Problem statement: Below is a listing to write out in full, exactly as given, without its pictures.

Information supplied:

■ ■ ■

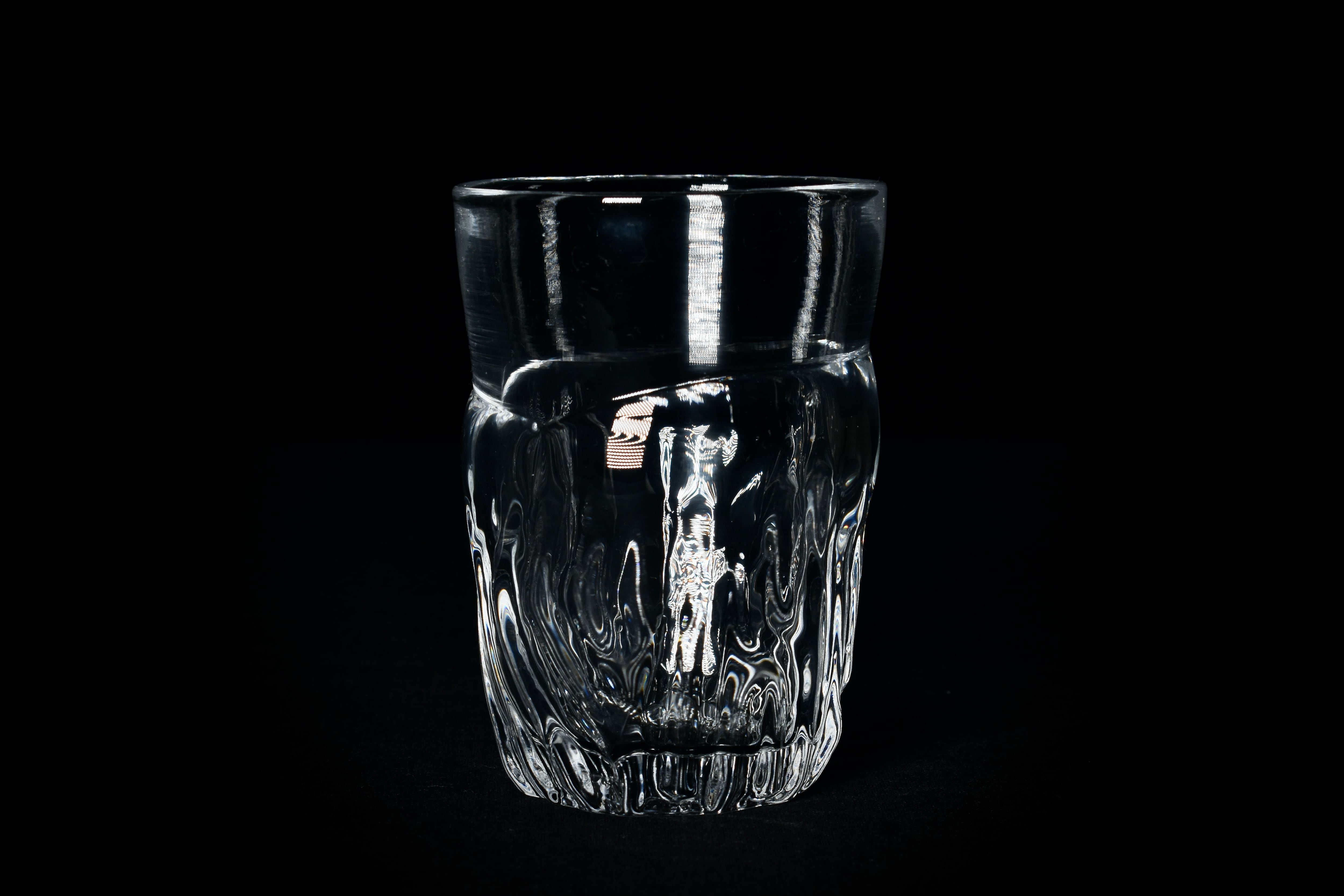 ガラス素材が持つ存在感と、薄い口当たりの両方を観察できる作品です。
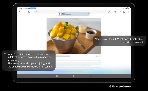 Galaxy Tab S11 5G mở ra trải nghiệm hoàn toàn mới với Galaxy AI, mang đến sự hỗ trợ linh hoạt trong từng tình huống. Với Gemini Live, bạn có thể chia sẻ màn hình và nhận thông tin theo thời gian thực, trò chuyện tự nhiên như với một người đồng hành thực thụ.
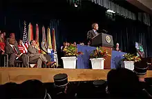 - ↑ "President George W. Bush announces his Lessons of Liberty initiative at Thomas S. Wootton High School in Rockville, MD. The initiative is an opportunity for American students to learn more about our country and its values, as well as the people that have been called upon to defend its freedom. White House photo by Tina Hager". November 1, 2001. Retrieved November 1, 2017.

■ ■ ■

Answer to this problem:
 ガラス素材が持つ存在感と、薄い口当たりの両方を観察できる作品です。
 Galaxy Tab S11 5G mở ra trải nghiệm hoàn toàn mới với Galaxy AI, mang đến sự hỗ trợ linh hoạt trong từng tình huống. Với Gemini Live, bạn có thể chia sẻ màn hình và nhận thông tin theo thời gian thực, trò chuyện tự nhiên như với một người đồng hành thực thụ.
 - ↑ "President George W. Bush announces his Lessons of Liberty initiative at Thomas S. Wootton High School in Rockville, MD. The initiative is an opportunity for American students to learn more about our country and its values, as well as the people that have been called upon to defend its freedom. White House photo by Tina Hager". November 1, 2001. Retrieved November 1, 2017.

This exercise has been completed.